Northumbria, £371,632 - Following interaction with a youth offending worker, a young person will be directed to one of three pathways - a youth offending team officer, a "street doctor", or a mentor for one-to-one intensive intervention.

Hampshire, £416,829 - Trusted adult workers (TAWs) will be recruited who will be trauma-informed and adverse childhood experiences (ACE) trained. They will receive referrals from voluntary and statutory organisations who become aware that a young person may be suffering from ACEs.

Thames Valley, £822,000 - A combination of training and increased support for core services, including schools, while developing bespoke interventions for young people who are perceived to be beyond the reach of early intervention work.

Wales, £1.2m - Work to reduce identified drivers of serious violence, involvement in drug dealing, county lines issues and the prevalence of knife carrying and knife crime through education through direct youth support intervention programmes, media campaigns, and diverting those at risk into sporting and peer-support interventions.

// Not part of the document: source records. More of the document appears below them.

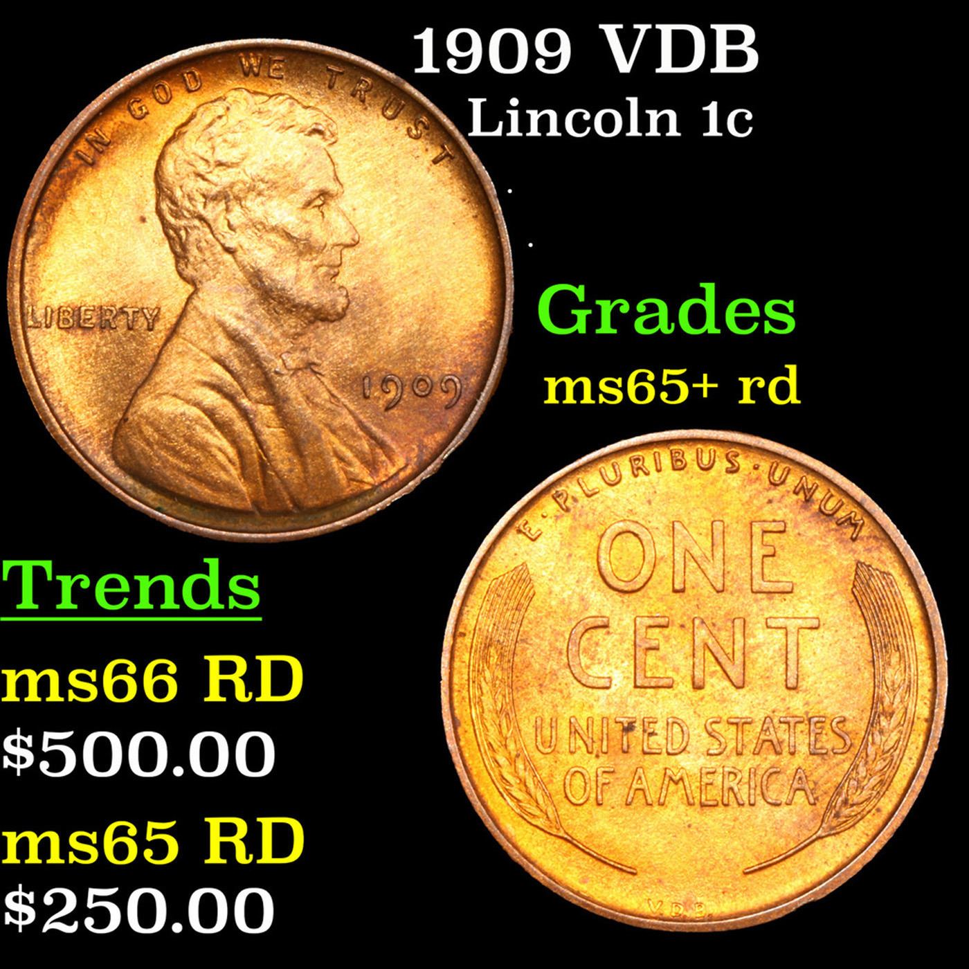 1909 VDB Lincoln Cent 1c Grades Gem+ Unc RD. Always sought after date. Always popular.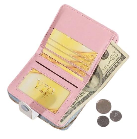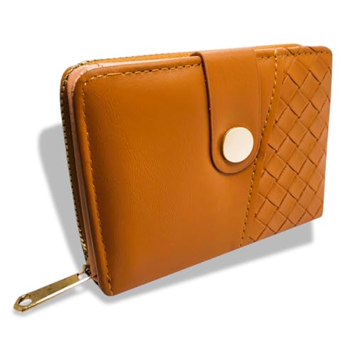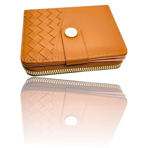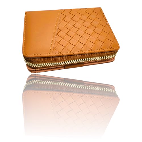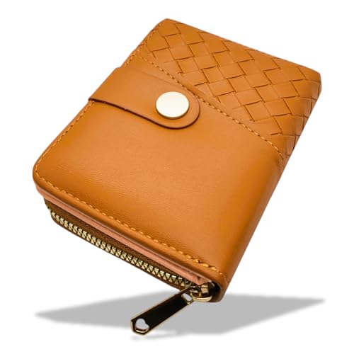 Generic - حامل بطاقات عمل ونقود من الجلد لبطاقات الائتمان سحاب صغير بتقنية تحديد الهوية بموجات الراديو محفظة جيب قابلة للطي العمل للنساء والفتيات بني 2 .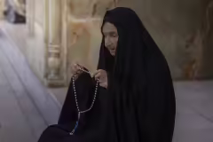 امرأه كبيره في السن تجلس وتعد التسبيحات في مسبحتها التي تعتبرها من اساسيات مقتنياتها كونها تقربها الى الله بالتسبيح والاستغفار والصلوات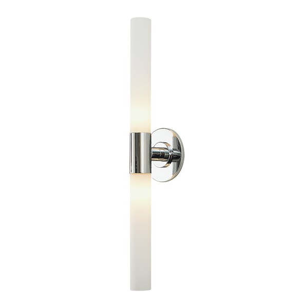 Long Cylinder 2-Light Vanity Lamp in Chrome with White Opal Glass (Discontinued)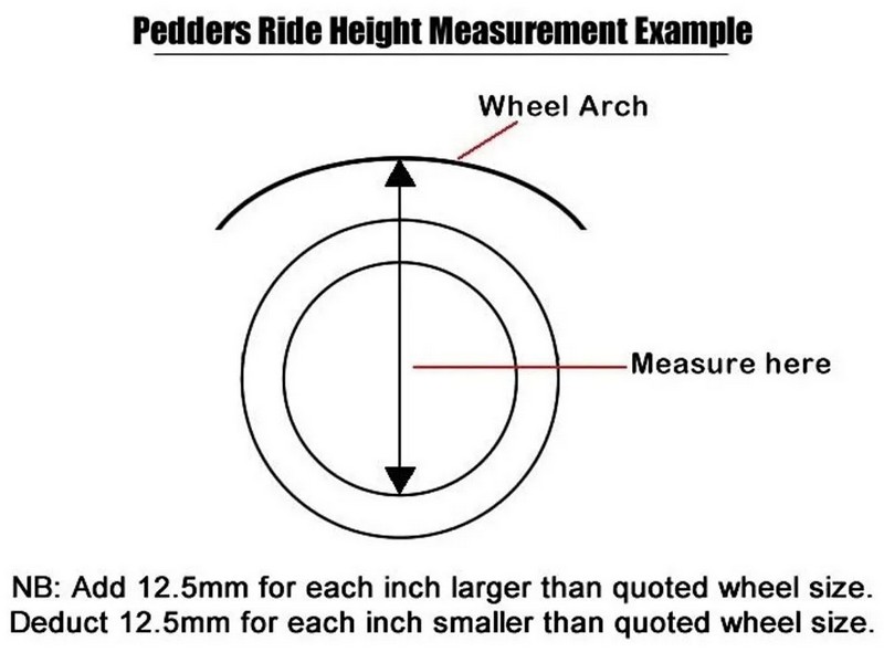 Tato sada je určena především pro silně naložené dodávky. Ve většině případů nebudou karavany pro tuto sadu vhodné, protože obvykle nejsou dostatečně těžké. Viz výše uvedená měření. Taková vozidla budou stále těžit z našich modernizovaných tlumičů Pedders část 151404, které omezí kolébání a poskakování na dobře naložených vozidlech.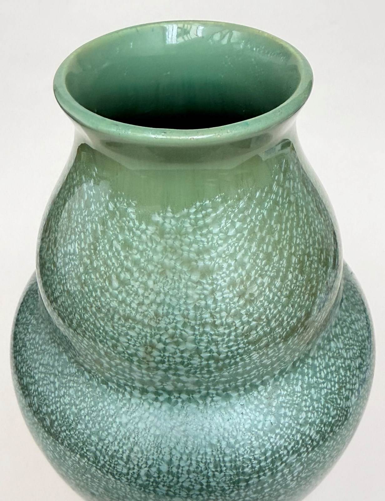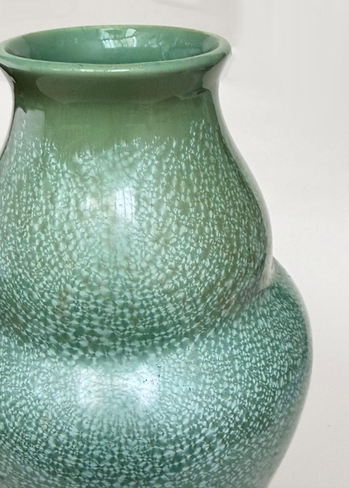 An Art Nouveau green metallic crystalline glaze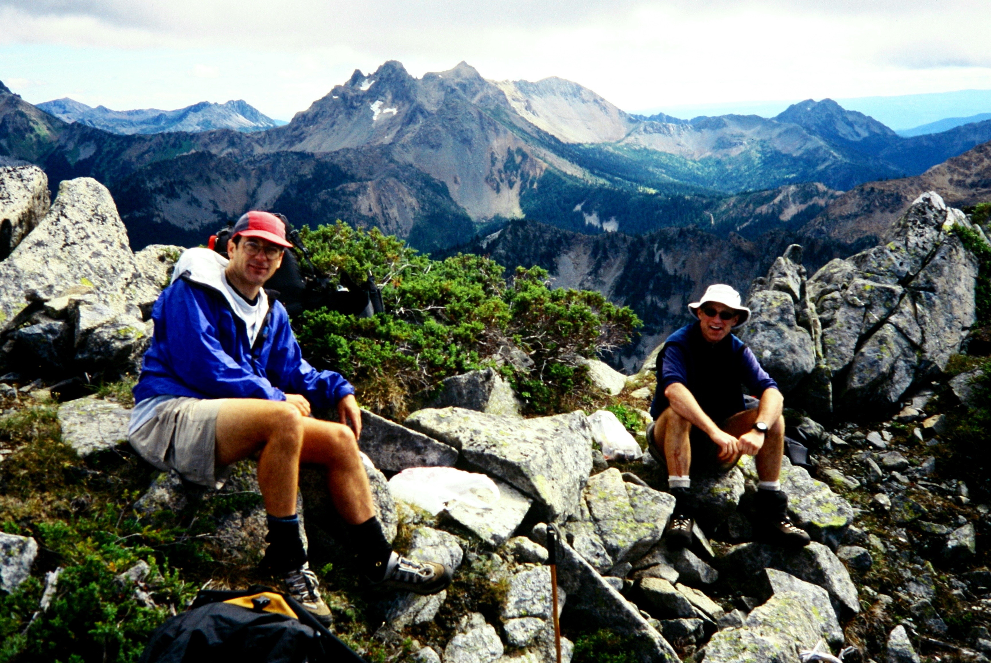 The register was a nice big PVC tube containing a new book (placed by Johnny Jeans in 2002) and a few pieces of paper from earlier climbs.  The book and papers listed surprisingly few ascents over the past decade.  We were the first party signing in this year, and only one person (Dick Kegle) had signed in all last year.  Harding Mountain obviously is not a hot-spot among climbers, although it does sit favorably between Mt. Stuart and The Cradle.  We relaxed for a while and enjoyed slowly improving views.  The skies continued to be partly cloudy, but we never felt a drop of rain.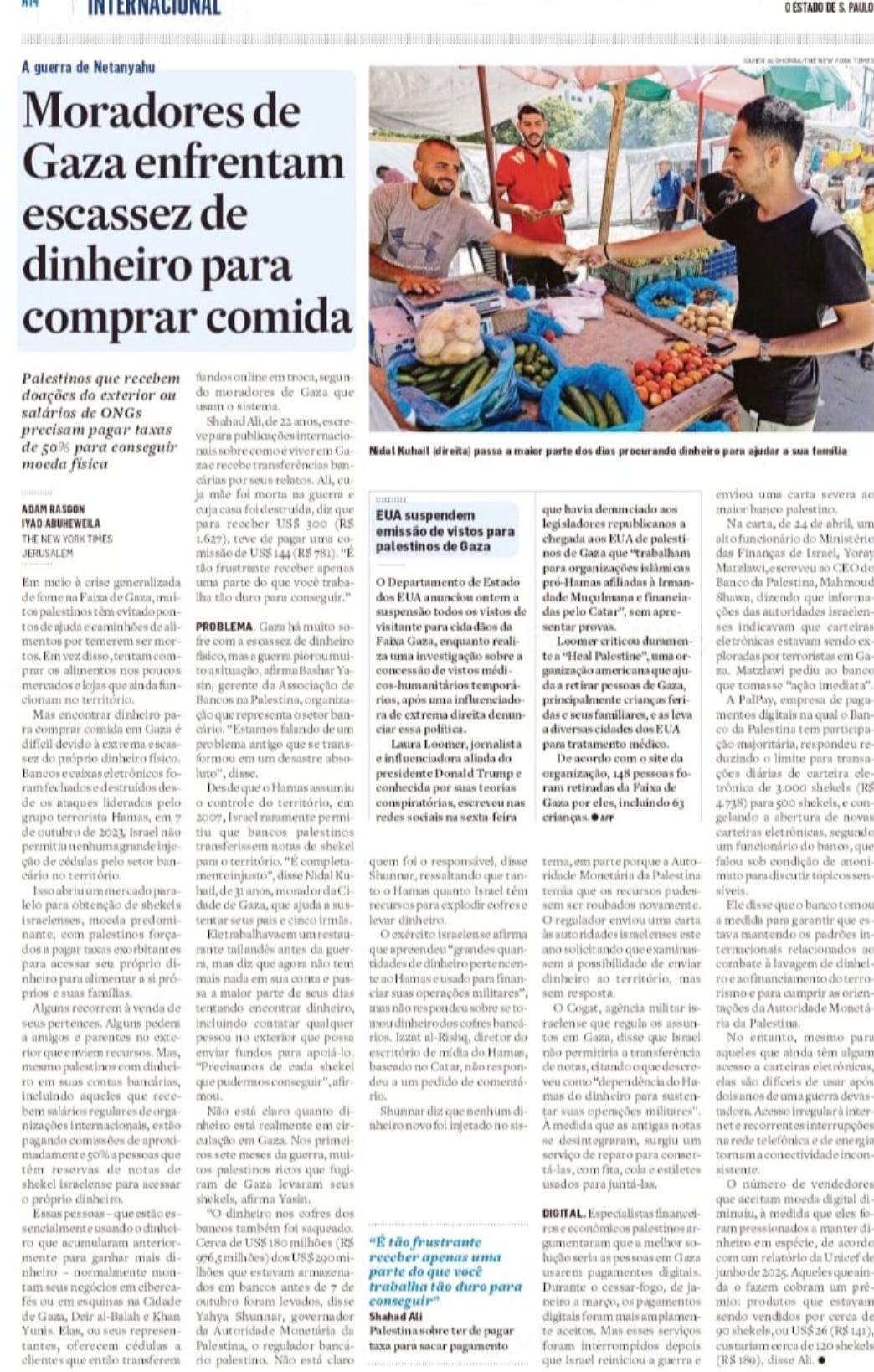 “Repita uma mentira até que ela se torne verdade.” O conselho de Joseph Goebbels, ministro nazista, é usado também pela esquerda (sempre afirmei que esquerda e direita são exatamente iguais). Há mais de um ano, a imprensa de esquerda afirma que os palestinos estão morrendo de fome — e a culpa, claro, é de Netanyahu. Israel sempre desmentiu, afirmando que centenas de milhares de caminhões com ajuda humanitária continuam a entrar em Gaza para distribuir alimentos. Agora publicaram outra matéria para culpar Israel, mas a própria reportagem mostra uma contradição em si mesma. O artigo informa que os moradores de Gaza enfrentam escassez de papel-moeda para comprar alimentos. Culpa de quem? De Israel, é claro. A matéria se autodesmente (existe essa palavra?). A foto mostra vários homens bem alimentados. Mas os palestinos não estavam morrendo de inanição? A foto mostra uma barraca de legumes, como numa feira. Mas não faltavam alimentos em Gaza? A matéria informa que os palestinos têm dificuldades em encontrar papel-moeda para fazer compras. Mas os caminhões de ajuda humanitária fornecem alimentos de graça. Israel afirma que o Hamas rouba os alimentos para vendê-los aos palestinos. A matéria confirma isso. Julio Gartner, um amigo sobrevivente do Holocausto, sempre me dizia: a maior malandragem é falar a verdade. Assim, você não corre o risco de passar vergonha contando mentiras. Atualmente, você é um assinante gratuito de Não É Imprensa. Para uma experiência completa, atualize a sua assinatura. |

South Yorkshire, £1.2m - To be shared across two projects; one to establish a sub-regional child criminal exploitation (CCE) hub covering the areas of Doncaster, Barnsley and Rotherham. Alongside this, sessions led by young people will raise awareness of the issues and drivers of serious violence including the criminal exploitation of children and young people for profit particularly around the supply of drugs, county lines and the effects of gun and knife crime on the individual and communities.

West Yorkshire, £1.1m - A programme of early intervention projects including employment of keyworkers to support children identified as most likely to start committing violent crime.